The formal algebraic rank can overstate the practical number of tradeoffs. The
effective Pareto dimension is better measured by the singular value spectrum of
the Jacobian of objectives with respect to design variables: a K=3, M=9 setup with
8 named objectives achieves formal rank 8 but effective dimension ~3-4 (the top 2
singular values carry >99% of the Frobenius norm). See pare::sensitivity for
computational tools.
§Design measure perspective
The fundamental object is not “which objectives matter” but the design measure: the joint distribution over (arm, covariate, time) that the policy induces. Given the design measure, every objective is computable.

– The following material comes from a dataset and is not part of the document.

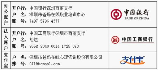6、工作坊(六天):爸妈在线终身心理工作者:700元/人;爸妈在线普通成员:800元/人;爸妈在线心理学爱好者:1000元/人;非爸妈在线成员:4800元/人;(此费用含会议费、资料费等,不含食宿费)。
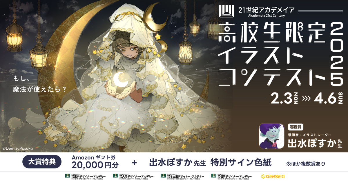 出水ぽすか氏が審査員を務める、高校生のためのイラストコンテスト「21世紀アカデメイア高校生限定イラストコンテスト」が『GENSEKI』にて開催!

Note: the design measure in an adaptive setting is a random object (it depends on the realized trajectory), not a fixed distribution. Reasoning about it requires either working with the expected design measure (which loses adaptivity) or a conditional analysis that respects the filtration (which is harder and may break clean proportionality results). See Hadad et al. (arXiv:1911.02768) for the observed vs. expected Fisher information distinction in adaptive experiments.
§Related work
Non-stationary bandits and sliding windows.

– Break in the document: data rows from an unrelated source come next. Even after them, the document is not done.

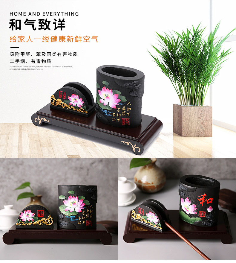 商品名称:和气致祥炭雕笔筒名片盒套装摆件 炭雕工艺品 商务礼品定制
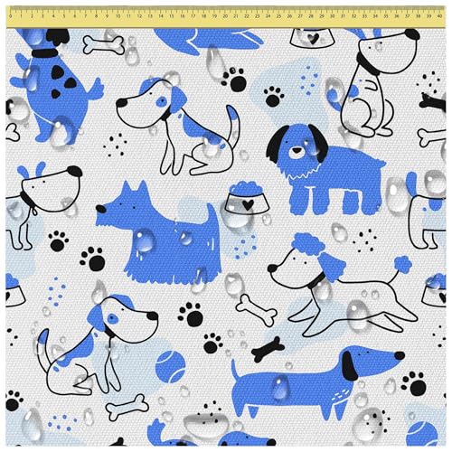 DreamRoots Tessuto impermeabile al metro 160 cm Larghezza - Stoffa al metro impermeabile 220 g/m2 600D - Cuscino esterno impermeabile - Stoffe a metro Blue Dogs 1M
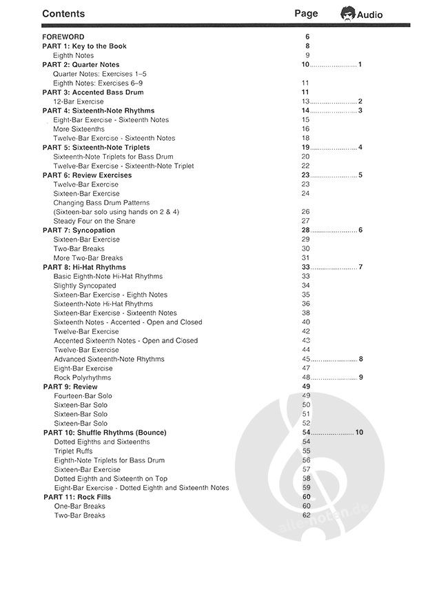 Anwendung erster Notenkenntnisse am Schlagzeug. Erweiterung der Rhythmus- und Notenkenntnisse auf 32tel Noten, Synkopen, Sechstolen, Swing. Viele Übungen am Drumset, Grooves und Fills.

Garivier & Moulines (2008, arXiv:0805.3415) established the Sliding-Window UCB
(SW-UCB) algorithm, which achieves O(sqrt(Υ_T * K * T * log T)) regret for
piecewise-stationary environments with Υ_T changepoints. This is the theoretical
foundation for muxer’s sliding-window approach. Optimal window size is
O(sqrt(T / Υ_T)); in practice muxer uses a fixed caller-chosen cap.

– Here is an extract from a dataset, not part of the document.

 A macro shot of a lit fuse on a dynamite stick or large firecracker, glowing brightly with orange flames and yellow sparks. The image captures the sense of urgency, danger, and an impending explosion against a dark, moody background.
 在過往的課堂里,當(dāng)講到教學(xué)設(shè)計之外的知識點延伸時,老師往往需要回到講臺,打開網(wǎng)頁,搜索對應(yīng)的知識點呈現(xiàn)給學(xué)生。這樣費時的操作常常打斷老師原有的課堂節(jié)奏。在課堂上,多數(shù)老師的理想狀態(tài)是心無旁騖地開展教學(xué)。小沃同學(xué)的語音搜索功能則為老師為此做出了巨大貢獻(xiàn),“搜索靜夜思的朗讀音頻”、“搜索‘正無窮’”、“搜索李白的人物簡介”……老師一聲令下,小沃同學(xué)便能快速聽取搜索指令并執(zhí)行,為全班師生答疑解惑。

Non-stationary bandits with explicit detection.
Besson, Kaufmann, Maillard & Seznec (2019, arXiv:1902.01575, JMLR 2023) introduced
GLR-klUCB: a parameter-free algorithm combining kl-UCB with a Bernoulli Generalized
Likelihood Ratio Test. It is the closest published analog to muxer’s monitored
selection path. Key difference: GLR-klUCB restarts all arm statistics on
detection; muxer instead switches to worst-first routing to investigate the flagged
arm, preserving history. See TriageSession and WorstFirstConfig.
Bandit Quickest Changepoint Detection (BQCD).
Gopalan, Saligrama & Lakshminarayanan (2021, arXiv:2107.10492) established the BQCD
lower bound: any algorithm with mean-time-to-false-alarm m must suffer expected
detection delay Ω(log(m) / D*), where D* is the maximum KL divergence between
post-change and pre-change distributions across arms. Their ε-GCD algorithm achieves
this with exploration rate ε = Θ(1/√T). CoverageConfig’s minimum sampling-rate
floor is the practical lever for approaching this bound.
Sampling-constrained detection.
Zhang & Mei (2020, arXiv:2009.11891) directly analyze changepoint detection under
sampling-rate constraints, confirming that detection delay in wall time scales as
h / (KL(p1 || p0) * rate_k) — the formal basis for the two-clocks approximation.
Regret–BAI Pareto frontier.
Zhong, Cheung & Tan (2021, arXiv:2110.08627) formally prove the Pareto tradeoff
between regret minimization (RM) and best-arm identification (BAI): achieving
O(log T) regret and O(log T) BAI error simultaneously is impossible. The
product-identity formulation in muxer’s docs is the static-schedule special case.
Piecewise-stationary multi-objective bandits.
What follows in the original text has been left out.